Extracted records

+---+

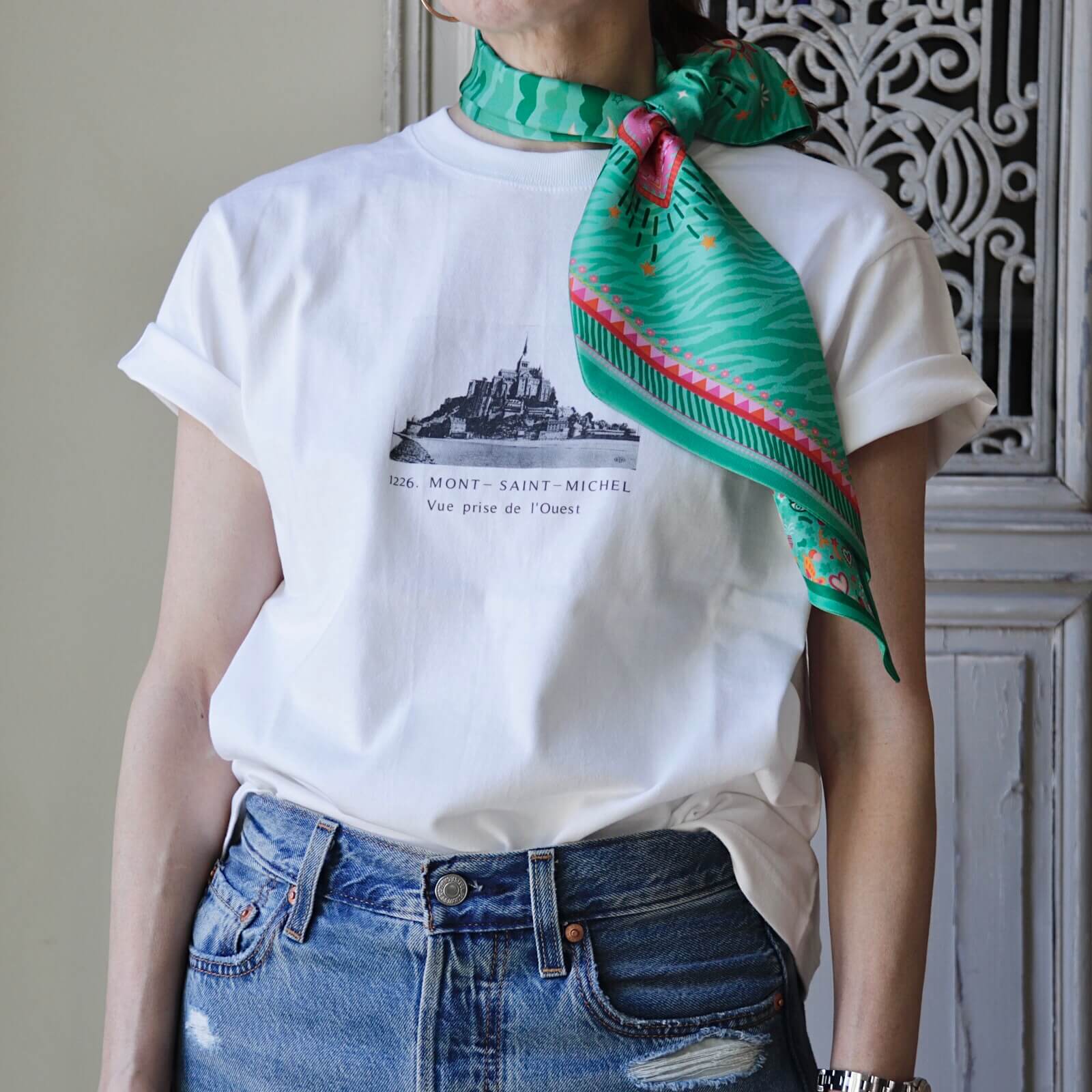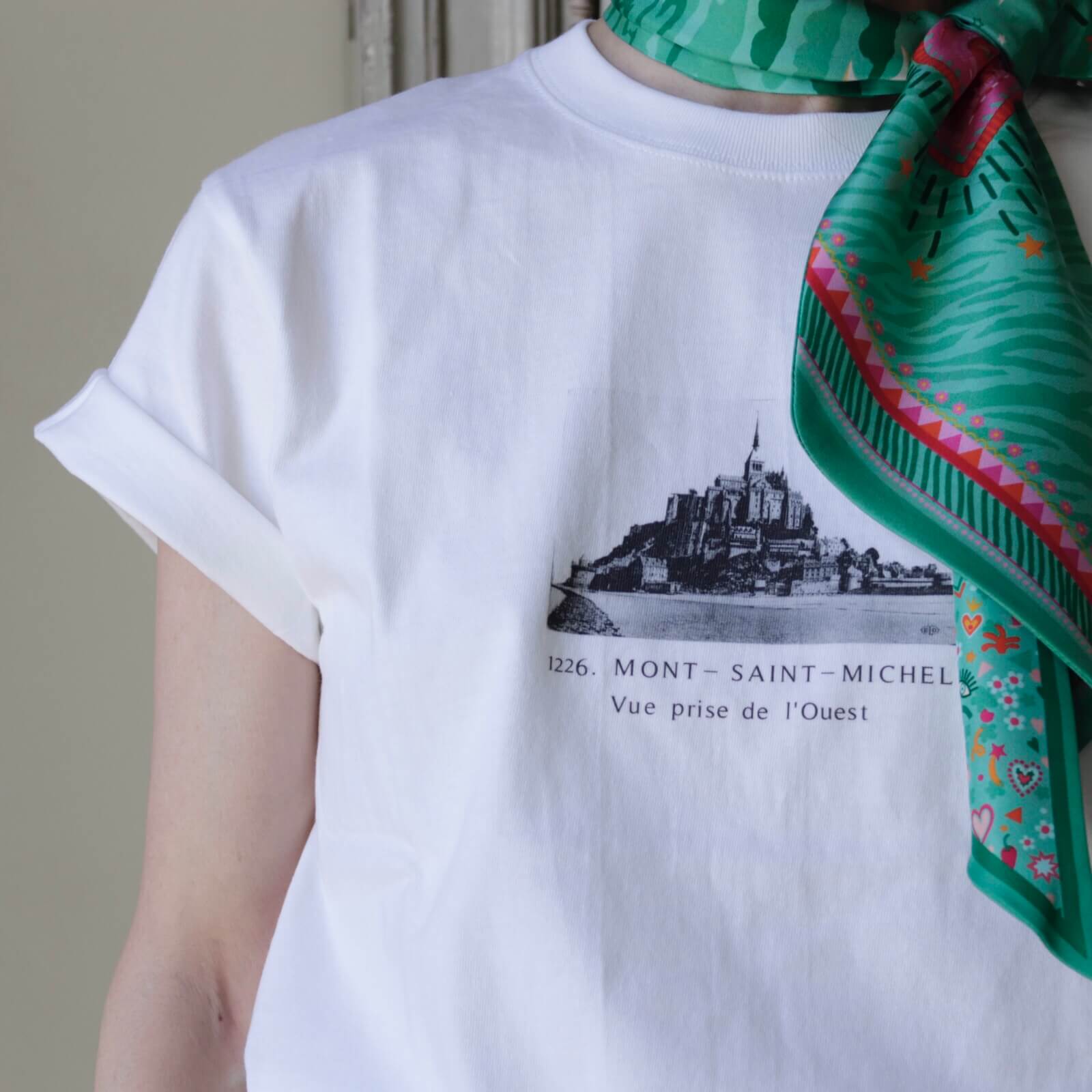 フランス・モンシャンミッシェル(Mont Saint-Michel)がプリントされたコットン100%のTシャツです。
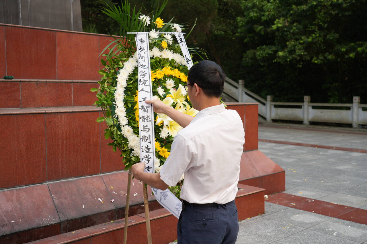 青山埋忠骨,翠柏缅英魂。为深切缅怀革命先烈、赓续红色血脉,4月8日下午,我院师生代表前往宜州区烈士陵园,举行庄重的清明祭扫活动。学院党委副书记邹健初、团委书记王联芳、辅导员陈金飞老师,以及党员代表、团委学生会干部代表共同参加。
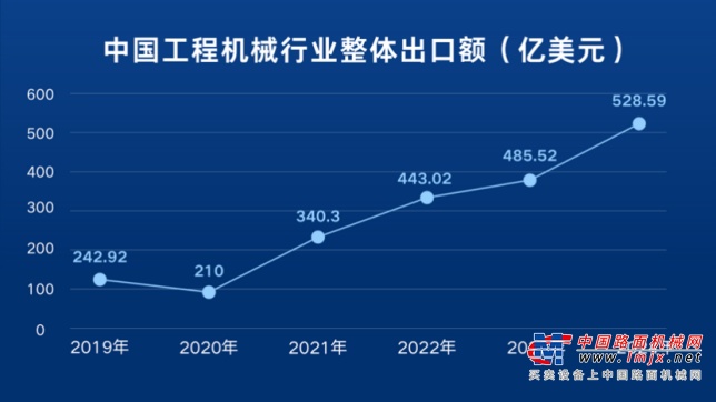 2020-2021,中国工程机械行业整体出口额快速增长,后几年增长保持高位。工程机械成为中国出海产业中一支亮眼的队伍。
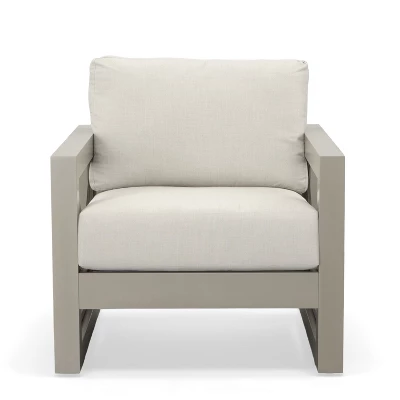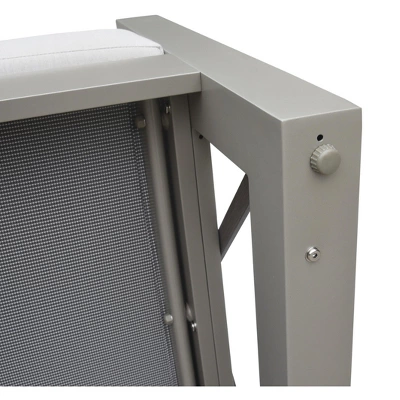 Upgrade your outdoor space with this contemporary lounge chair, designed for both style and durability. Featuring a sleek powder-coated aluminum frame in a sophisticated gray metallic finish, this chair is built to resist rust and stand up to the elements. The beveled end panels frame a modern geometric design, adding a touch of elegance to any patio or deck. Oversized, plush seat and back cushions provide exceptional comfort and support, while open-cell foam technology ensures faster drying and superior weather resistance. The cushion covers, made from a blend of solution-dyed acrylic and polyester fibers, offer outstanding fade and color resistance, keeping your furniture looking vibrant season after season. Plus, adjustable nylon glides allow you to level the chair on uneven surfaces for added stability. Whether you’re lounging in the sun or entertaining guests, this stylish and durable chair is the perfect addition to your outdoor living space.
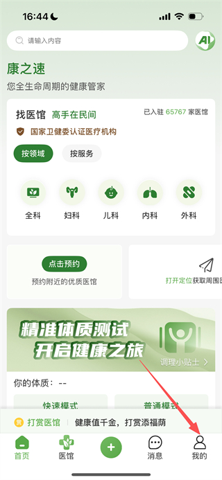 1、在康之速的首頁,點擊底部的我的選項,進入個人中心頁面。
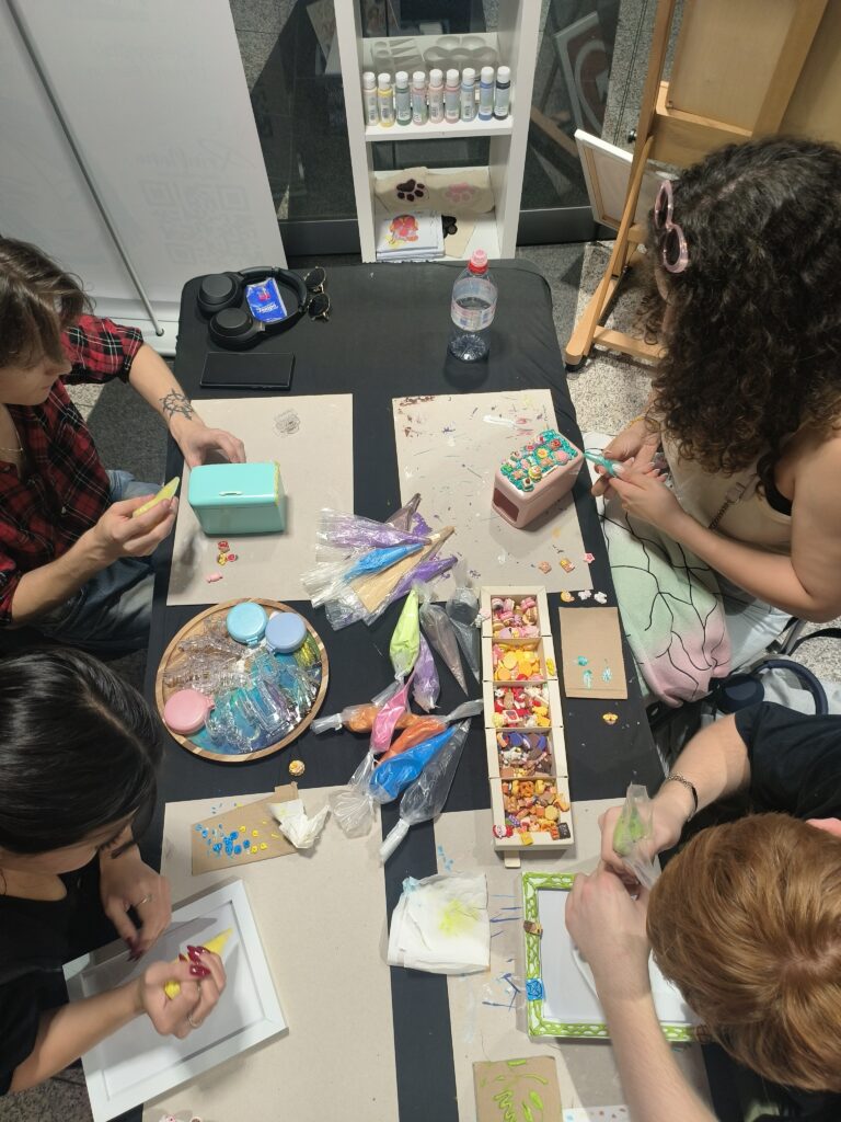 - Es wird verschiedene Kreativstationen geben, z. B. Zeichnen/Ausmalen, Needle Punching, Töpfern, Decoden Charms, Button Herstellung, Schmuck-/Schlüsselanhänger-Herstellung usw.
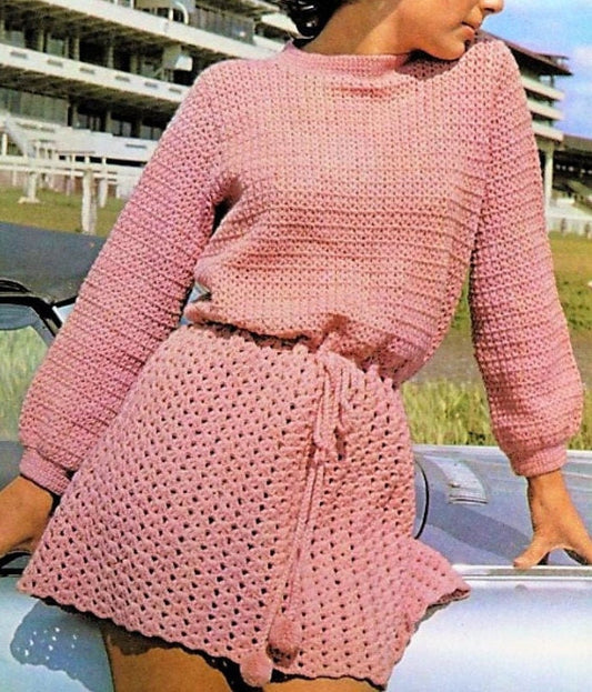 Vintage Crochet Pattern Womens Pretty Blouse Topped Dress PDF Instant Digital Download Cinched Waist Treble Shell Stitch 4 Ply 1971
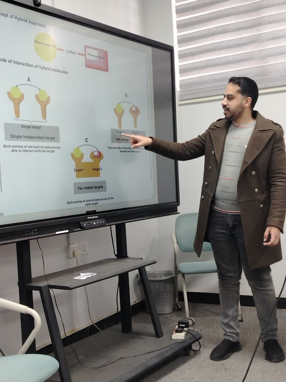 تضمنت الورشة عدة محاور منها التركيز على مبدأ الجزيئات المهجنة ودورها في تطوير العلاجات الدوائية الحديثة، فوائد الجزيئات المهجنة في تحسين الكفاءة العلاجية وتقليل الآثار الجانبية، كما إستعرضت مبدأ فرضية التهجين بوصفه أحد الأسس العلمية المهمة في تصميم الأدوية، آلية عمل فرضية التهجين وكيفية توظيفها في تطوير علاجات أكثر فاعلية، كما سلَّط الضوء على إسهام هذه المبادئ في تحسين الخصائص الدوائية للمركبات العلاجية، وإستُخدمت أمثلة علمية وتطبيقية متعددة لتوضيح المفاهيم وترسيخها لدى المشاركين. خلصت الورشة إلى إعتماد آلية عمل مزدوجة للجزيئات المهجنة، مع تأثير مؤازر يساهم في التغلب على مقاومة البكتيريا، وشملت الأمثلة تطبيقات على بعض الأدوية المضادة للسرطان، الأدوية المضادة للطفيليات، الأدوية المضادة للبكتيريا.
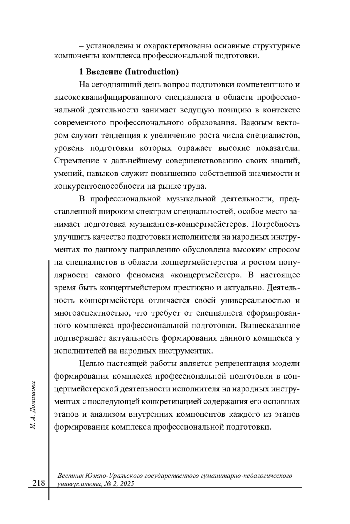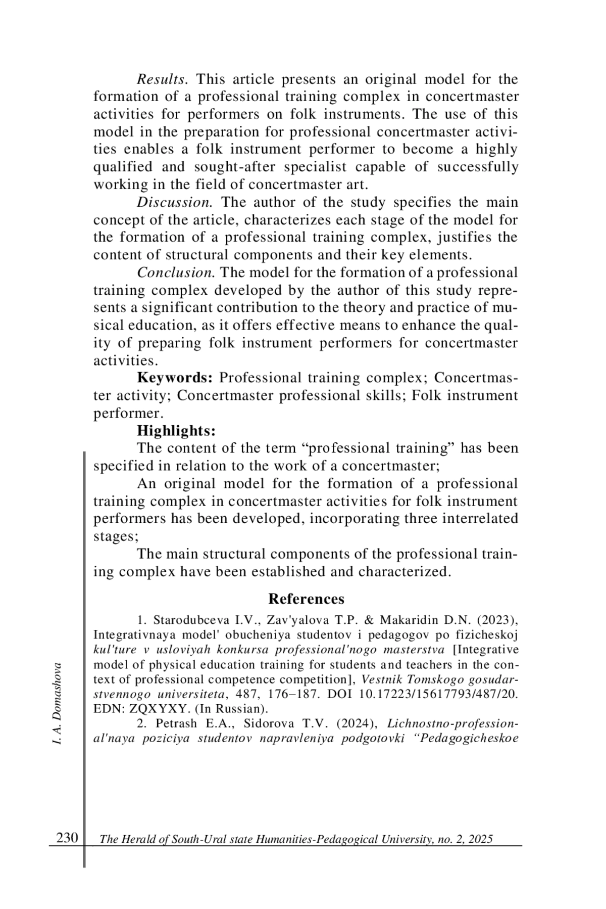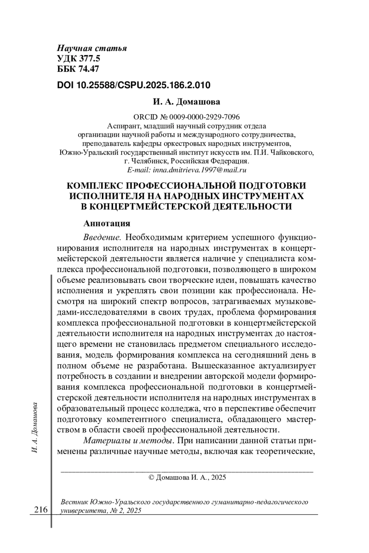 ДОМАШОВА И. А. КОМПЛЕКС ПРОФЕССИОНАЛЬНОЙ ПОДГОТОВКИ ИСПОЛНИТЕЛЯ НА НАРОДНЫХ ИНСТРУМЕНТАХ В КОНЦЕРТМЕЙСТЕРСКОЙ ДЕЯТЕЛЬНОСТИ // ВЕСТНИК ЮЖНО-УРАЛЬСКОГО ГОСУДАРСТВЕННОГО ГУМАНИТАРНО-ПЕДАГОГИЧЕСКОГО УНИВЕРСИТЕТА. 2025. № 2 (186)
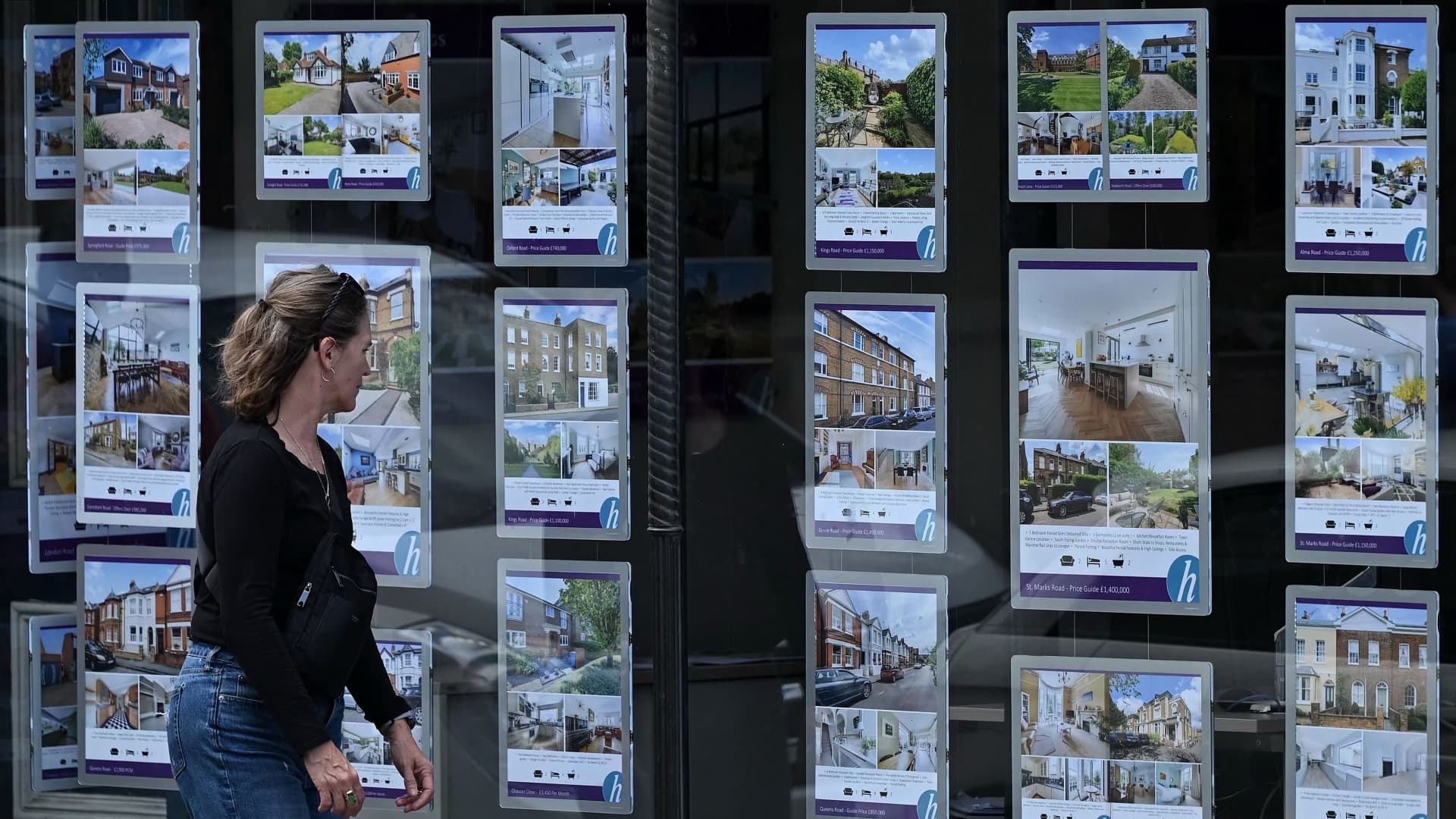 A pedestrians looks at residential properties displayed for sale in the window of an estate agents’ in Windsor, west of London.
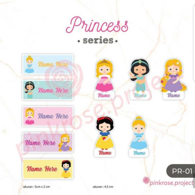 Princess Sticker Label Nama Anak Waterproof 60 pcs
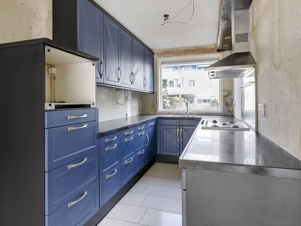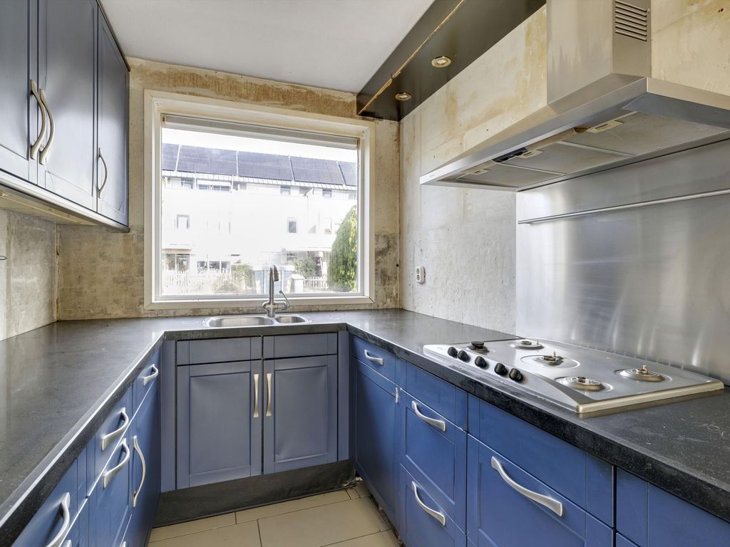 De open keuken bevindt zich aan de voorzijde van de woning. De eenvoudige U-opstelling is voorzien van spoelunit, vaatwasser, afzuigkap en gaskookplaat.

+---+

◆ **What the task requires**
Nothing outside the stretch above, from the line with "- Es wird verschiedene" through the line with "Princess Sticker Label", is set down. Transcribe that stretch exactly, ends included, but not its pictures.

◆ **Exercise response**
 - Es wird verschiedene Kreativstationen geben, z. B. Zeichnen/Ausmalen, Needle Punching, Töpfern, Decoden Charms, Button Herstellung, Schmuck-/Schlüsselanhänger-Herstellung usw.
 Vintage Crochet Pattern Womens Pretty Blouse Topped Dress PDF Instant Digital Download Cinched Waist Treble Shell Stitch 4 Ply 1971
 تضمنت الورشة عدة محاور منها التركيز على مبدأ الجزيئات المهجنة ودورها في تطوير العلاجات الدوائية الحديثة، فوائد الجزيئات المهجنة في تحسين الكفاءة العلاجية وتقليل الآثار الجانبية، كما إستعرضت مبدأ فرضية التهجين بوصفه أحد الأسس العلمية المهمة في تصميم الأدوية، آلية عمل فرضية التهجين وكيفية توظيفها في تطوير علاجات أكثر فاعلية، كما سلَّط الضوء على إسهام هذه المبادئ في تحسين الخصائص الدوائية للمركبات العلاجية، وإستُخدمت أمثلة علمية وتطبيقية متعددة لتوضيح المفاهيم وترسيخها لدى المشاركين. خلصت الورشة إلى إعتماد آلية عمل مزدوجة للجزيئات المهجنة، مع تأثير مؤازر يساهم في التغلب على مقاومة البكتيريا، وشملت الأمثلة تطبيقات على بعض الأدوية المضادة للسرطان، الأدوية المضادة للطفيليات، الأدوية المضادة للبكتيريا.
 ДОМАШОВА И. А. КОМПЛЕКС ПРОФЕССИОНАЛЬНОЙ ПОДГОТОВКИ ИСПОЛНИТЕЛЯ НА НАРОДНЫХ ИНСТРУМЕНТАХ В КОНЦЕРТМЕЙСТЕРСКОЙ ДЕЯТЕЛЬНОСТИ // ВЕСТНИК ЮЖНО-УРАЛЬСКОГО ГОСУДАРСТВЕННОГО ГУМАНИТАРНО-ПЕДАГОГИЧЕСКОГО УНИВЕРСИТЕТА. 2025. № 2 (186)
 A pedestrians looks at residential properties displayed for sale in the window of an estate agents’ in Windsor, west of London.
 Princess Sticker Label Nama Anak Waterproof 60 pcs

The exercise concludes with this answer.